Above described scenario is the cause for application hangs/corruption, zenfs utility manifests it as a hang, where as in myrocks, it manifests as a corruption. This can be reproduced as below. Running Sysbench prepare on MyRocks with below configuration (Note target_file_size_base=32mb) and creating a database with 500 million rows per table and 16 tables, will create this issue. Below is the needed .cnf file.
[mysqld]
rocksdb_max_row_locks=1000M
plugin-load-add=rocksdb=ha_rocksdb.so
skip-innodb
rocksdb
default-storage-engine=rocksdb
default-tmp-storage-engine=MyISAM
ssl=0
skip-log-bin
# Disabling symbolic-links is recommended to prevent assorted security risks
symbolic-links=0
# general
table_open_cache = 200000
table_open_cache_instances=64
back_log=3500
max_connections=4000
# files
max_prepared_stmt_count=1000000
rocksdb_max_open_files=-1
rocksdb_max_background_jobs=8
rocksdb_max_total_wal_size=4G
rocksdb_block_size=16384
rocksdb_table_cache_numshardbits=6
# rate limiter
rocksdb_bytes_per_sync=16777216
rocksdb_wal_bytes_per_sync=4194304
#rocksdb_rate_limiter_bytes_per_sec=104857600 #100MB/s
#
# # triggering compaction if there are many sequential deletes
rocksdb_compaction_sequential_deletes_count_sd=1
rocksdb_compaction_sequential_deletes=199999
rocksdb_compaction_sequential_deletes_window=200000
rocksdb_default_cf_options="write_buffer_size=512m;target_file_size_base=32m;max_bytes_for_level_base=1024m;max_write_buffer_number=4;level0_file_num_compaction_trigger=4;level0_slowdown_writes_trigger=20;level0_stop_writes_trigger=30;max_write_buffer_number=4;block_based_table_factory={cache_index_and_filter_blocks=1;filter_policy=bloomfilter:10:false;whole_key_filtering=0};level_compaction_dynamic_level_bytes=true;optimize_filters_for_hits=true;memtable_prefix_bloom_size_ratio=0.05;prefix_extractor=capped:12;compaction_pri=kMinOverlappingRatio;compression=kLZ4Compression;bottommost_compression=kLZ4Compression;compression_opts=-14:4:0"
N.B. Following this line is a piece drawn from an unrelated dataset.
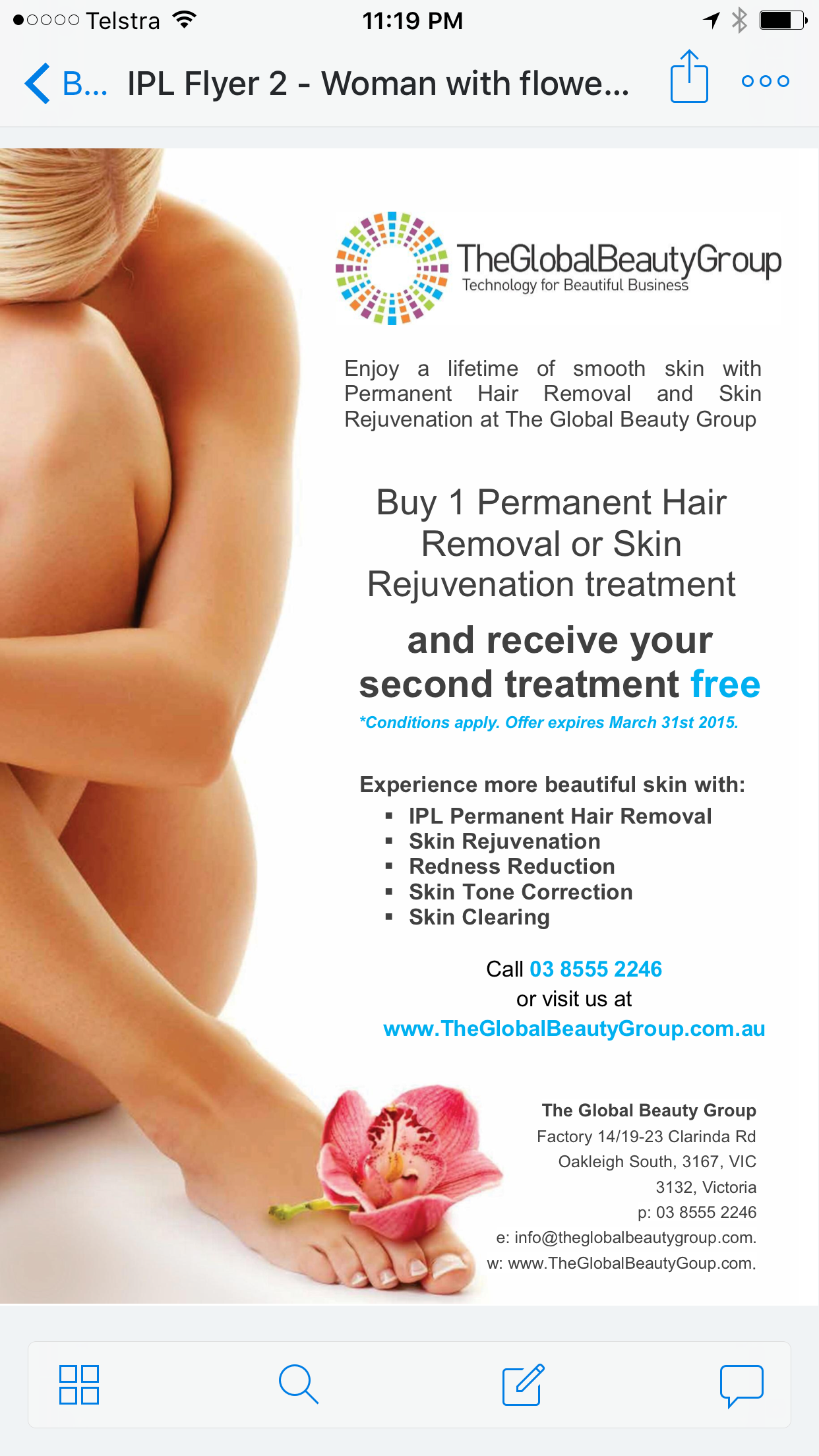 - I have got the rights to use these marketing images. Please change any phone number on the images to our number and any address as our address as listed here. Also please change global beauty to Palm Springs logo.

rocksdb_max_subcompactions=4
rocksdb_compaction_readahead_size=16m
rocksdb_use_direct_reads=ON
rocksdb_use_direct_io_for_flush_and_compaction=ON
[mysqld_safe]
thp-setting=never
If this issue is hit, mysql fails to start with a corruption error message:
[ERROR] [MY-000000] [Server] Plugin rocksdb reported: 'Error opening instance, Status Code: 2, Status: Corruption: file is too short (27556940 bytes) to be an sstable./.rocksdb/031176.sst'
But zenfs list command will list it as a valid file.
$ sudo ./zenfs list --zbd=nvme0n1 --path=./.rocksdb | grep 031176
27556940 Sep 23 2021 03:06:23 031176.sst
When we dump the metadata information, in the resulting json file, we can see this:
{"id":91857,"filename":"./.rocksdb/031176.sst","size":27556940,"hint":0,"extents":[ ]}
Here the file 031176.sst has a size of 27556940, but no extents are associated with it.
Even zenfs backup hangs for this file,
$ time sudo ./zenfs backup --zbd=nvme0n1 --path=/tmp/ --backup_path=./.rocksdb/031176.sst
./.rocksdb/031176.sst
^C
real 0m13.051s
user 0m13.007s
sys 0m0.019s
@aravind-wdc : What i think is going on here is that file size metadata gets persisted in a snapshot but the file has not been synced by the user before the crash (thus no extents has been stored). This is an inconsistency we could resolve by summing up the extents after mount and reducing the file size to the sum of the stored extents(0 in this case).
I'm planning to add active-extent tracking in the metadata, which would enable us to recover up to the zone write pointer of the active extent's zone, but that will go in metadata format v2
As we can't reproduce this, let's detect and fix up file system inconsistencies when we can.
Created https://github.com/westerndigitalcorporation/zenfs/issues/95 to solve the file size inconsistency
"Zenfs list" command shows that a certain file is present within the file system. But backup command on that file would hang for that file. On dumping the metadata, it was showing that for that particular file, there was an entry in the file list, but the file did not have any valid extents associated with it. This issue can manifest as hangs or corruption issues for applications. Creating this github-issue to keep track of it.